How important do those of you living in the Oliva/Gandia area think it is to be able to speak fluent Spanish? Have started learning but am finding it difficult to make enough time to do enough to get fluent, as still working full-time at present with long commute in the UK.


----------



## xabiaxica (Jun 23, 2009)

Wannabe Expat said:


> How important do those of you living in the Oliva/Gandia area think it is to be able to speak fluent Spanish? Have started learning but am finding it difficult to make enough time to do enough to get fluent, as still working full-time at present with long commute in the UK.


it's important IMO to make an effort to learn _some_ Spanish wherever you live in Spain - as much as you possibly can

fluency is something likely to evade all but the most dedicated, those who move somewhere they _never_ speak or hear English, or those moving here as children


----------



## Wannabe Expat (May 2, 2012)

Thanks - I know enough to manage at the market and in restaurants etc but would be really stuck with dealing with all the bureaucracy in Spain!


----------



## Seb* (Mar 22, 2009)

Speaking a decent level of Spanish makes everything a million times easier. Is it needed in our area? No - you can get away with none or very little, but you will have to rely on other people a lot more.

If you need to earn a living locally, you will need good Spanish to at least stand a chance. I haven't seen many job advertisements lately, that do not need "fluent" Spanish and one or two more european languages (including cleaning and similar low level jobs).

If you don't need Spanish to earn a living I would suggest to at least gain basic knowledge to get by during everyday activities like shopping or talking to a doctor. A decent vocabulary will do the trick - don't worry too much about the grammar and tenses. And maybe after a while of living here you will pick up more and improve on it.


----------



## Wannabe Expat (May 2, 2012)

Seb* said:


> Speaking a decent level of Spanish makes everything a million times easier. Is it needed in our area? No - you can get away with none or very little, but you will have to rely on other people a lot more.
> 
> If you need to earn a living locally, you will need good Spanish to at least stand a chance. I haven't seen many job advertisements lately, that do not need "fluent" Spanish and one or two more european languages (including cleaning and similar low level jobs).
> 
> If you don't need Spanish to earn a living I would suggest to at least gain basic knowledge to get by during everyday activities like shopping or talking to a doctor. A decent vocabulary will do the trick - don't worry too much about the grammar and tenses. And maybe after a while of living here you will pick up more and improve on it.


Hi Seb

IThanks - I do have German (did a degree in German at uni in the UK) plus French, although a bit rusty, so clearly need to get on and learn some more Spanish!


----------



## 90199 (Mar 21, 2010)

I'm not yet fluent in English


----------



## jules 123 (Apr 26, 2011)

Wannabe Expat said:


> How important do those of you living in the Oliva/Gandia area think it is to be able to speak fluent Spanish? Have started learning but am finding it difficult to make enough time to do enough to get fluent, as still working full-time at present with long commute in the UK.

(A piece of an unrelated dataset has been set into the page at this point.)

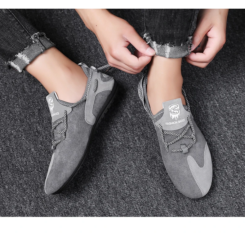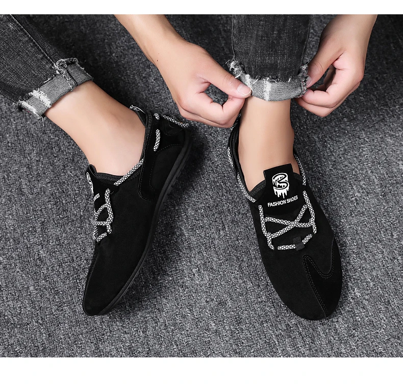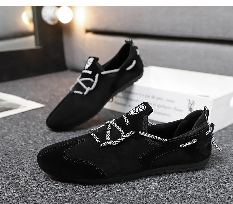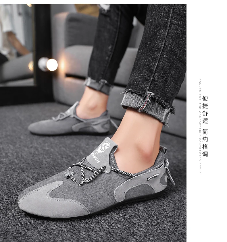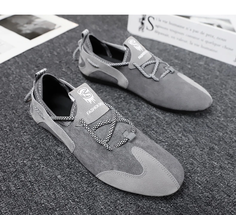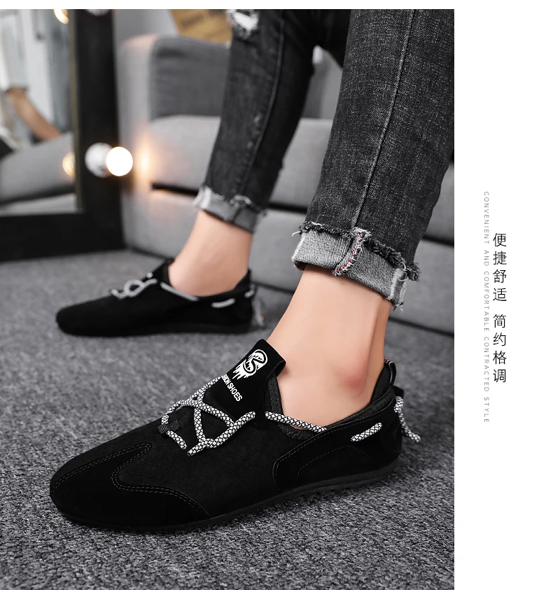Slip on Shoes Men High Quality Spring Summer Men Casual Shoes Black Gray Flock Fashion Sneakers Youth Loafers Driving Moccasin

Could you use your commuting time to study the language?


----------



## Wannabe Expat (May 2, 2012)

Seb* said:


> Speaking a decent level of Spanish makes everything a million times easier. Is it needed in our area? No - you can get away with none or very little, but you will have to rely on other people a lot more.
> 
> If you need to earn a living locally, you will need good Spanish to at least stand a chance. I haven't seen many job advertisements lately, that do not need "fluent" Spanish and one or two more european languages (including cleaning and similar low level jobs).
> 
> If you don't need Spanish to earn a living I would suggest to at least gain basic knowledge to get by during everyday activities like shopping or talking to a doctor. A decent vocabulary will do the trick - don't worry too much about the grammar and tenses. And maybe after a while of living here you will pick up more and improve on it.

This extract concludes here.